▶ **Problem to work on**:
Your task is to retype, word for word, the lines from the start of the data through the line holding "Sebelum menggelar aksi". Do not include the pictures.

▶ **The data**:
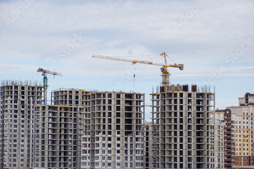 construction of multi-storey residential buildings. Tower cranes at a construction site.
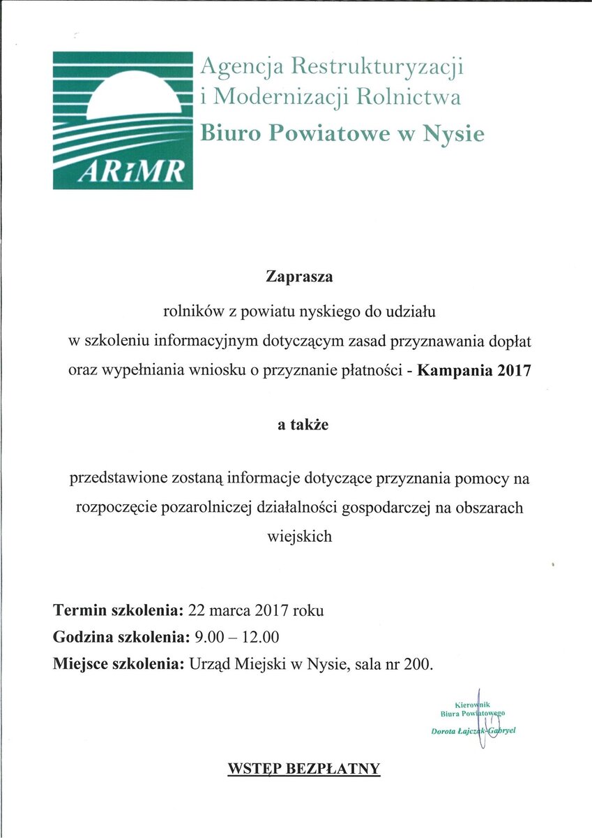 Kierownik Biura Powiatowego Agencji Restrukturyzacji i Modernizacji Rolnictwa w Nysie zaprasza na szkolenie informacyjne dla rolników z powiatu nyskiego, dotyczące zasad wypełniania wniosku o przyznanie płatności - Kampania 2017.
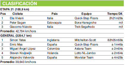 El ciclista italiano Elia Viviani (Quick-Step Floors) ganó ayer la 21 y última etapa de la Vuelta a España, disputada sobre 100,9 kilómetros entre Alcorcón y Madrid, tras imponerse en el embalaje masivo de una meta que sirvió de colofón al paseo de gloria del británico Simon Yates (Mitchelton-Scott) como vencedor de la general.
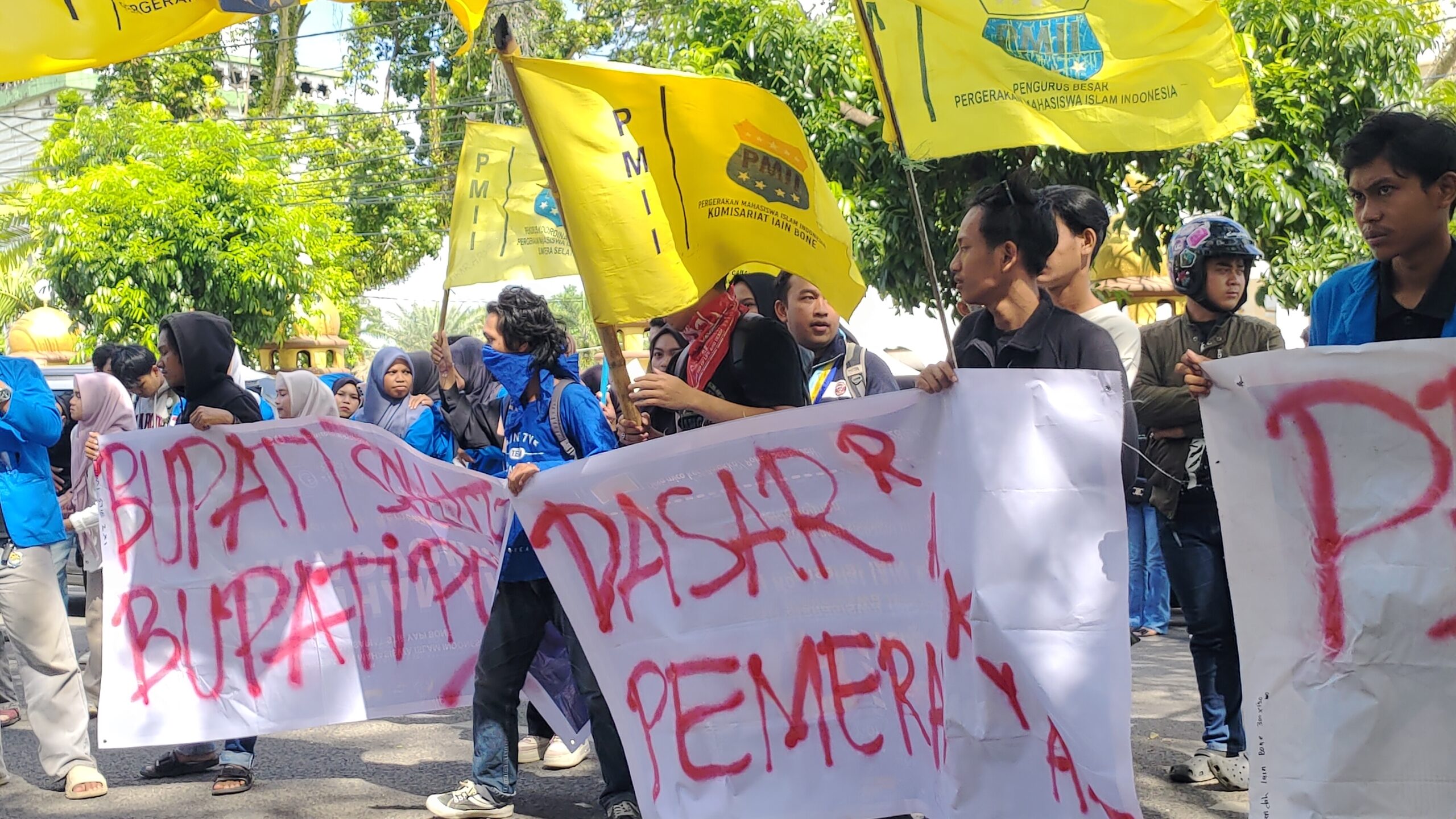 Sebelum menggelar aksi di halaman kantor bupati, massa PMII lebih dulu melakukan orasi di sepanjang Jalan Ahmad Yani sambil membakar ban sebagai bentuk kekecewaan terhadap kebijakan pemerintah daerah.
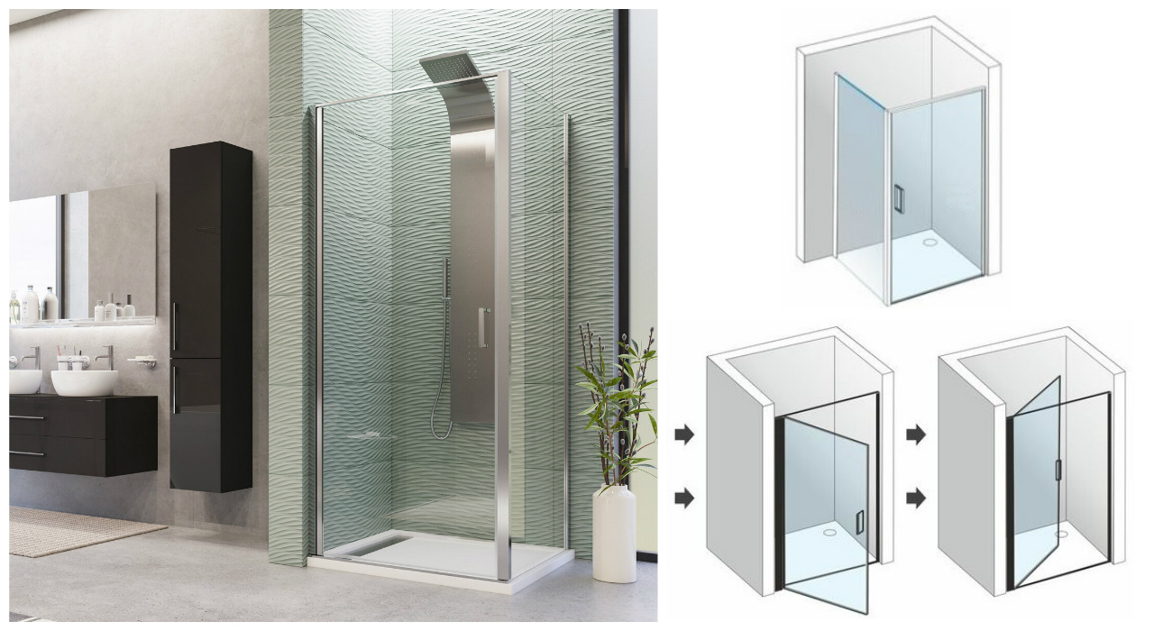 Aquatek YES B1+F1 sprchový kút s jednokrídlovými dverami otváravými dnu aj von | Aquatek YES B5+F1 sprchový kút s krídlovým otváraním dnu aj von |
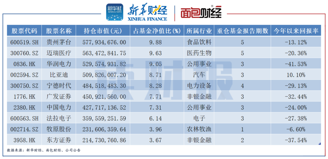 具体持仓来看,该基金重点配置了A股和港股中食品饮料、新能源、医疗、金融、电力运营等方向的头部标的,其中贵州茅台、迈瑞医疗两只股票从成立以来一直持有,当前持仓比例均接近基金资产净值的10%。
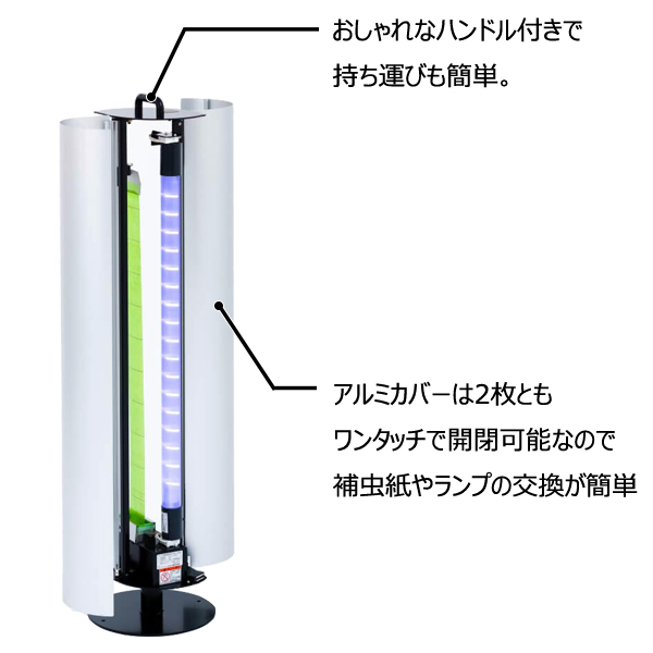 | 当商品は補虫ランプで虫を誘引し、粘着テープで捕獲するタイプの捕虫器です。 カバーを閉じた状態でご使用いただけるため、捕獲された虫が外から見えることはありません。 そのため、店舗や商業施設など人目の多い場所でも、お客様に不快感を与えることなく安心してご利用いただけます。 カバーの色は3種類からお選びいただけます。 ![]() ■特長 ●蛍光灯タイプの約半分の消費電力(30W⇒16W)。もちろん捕獲力も抜群です。アルミカバー側面と上面のスリットから効率よく虫を誘い込みます。 ●光源寿命は30,000時間(蛍光灯の約6倍) ランプ交換によるゴミを減らすことができます。廃棄物処理費用の削減にもつながります。 ![]() ●ランプ交換によるゴミを減らすことができます。廃棄物処理費用の削減にもつながります。 ●性能の異なる2タイプの捕虫紙で羽虫を大量捕獲 メーカー独自のネバネバ粘着剤で強力に虫を捕獲する「専用捕虫紙」と、反射性能の高い「専用大型反射捕虫シート」とで、寄せつけた虫を逃しません。 ![]() ●自立式フロアスタンド型なので、工事不要でどこでも設置可能 ![]() ■用途 洗練されたアルマイト処理が美しく、上質な空間でも違和感のないデザインです。飲食店や美容院、病院、ホテル、大型スーパーマーケットなど幅広い業種で採用されています。 ![]()
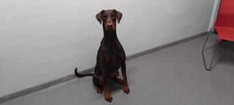 Unser hübscher Dobermann Amor ist ein freundlicher Hund, der sich gerne stürmisch und überschwänglich freut.

▶ **Result**:
 construction of multi-storey residential buildings. Tower cranes at a construction site.
 Kierownik Biura Powiatowego Agencji Restrukturyzacji i Modernizacji Rolnictwa w Nysie zaprasza na szkolenie informacyjne dla rolników z powiatu nyskiego, dotyczące zasad wypełniania wniosku o przyznanie płatności - Kampania 2017.
 El ciclista italiano Elia Viviani (Quick-Step Floors) ganó ayer la 21 y última etapa de la Vuelta a España, disputada sobre 100,9 kilómetros entre Alcorcón y Madrid, tras imponerse en el embalaje masivo de una meta que sirvió de colofón al paseo de gloria del británico Simon Yates (Mitchelton-Scott) como vencedor de la general.
 Sebelum menggelar aksi di halaman kantor bupati, massa PMII lebih dulu melakukan orasi di sepanjang Jalan Ahmad Yani sambil membakar ban sebagai bentuk kekecewaan terhadap kebijakan pemerintah daerah.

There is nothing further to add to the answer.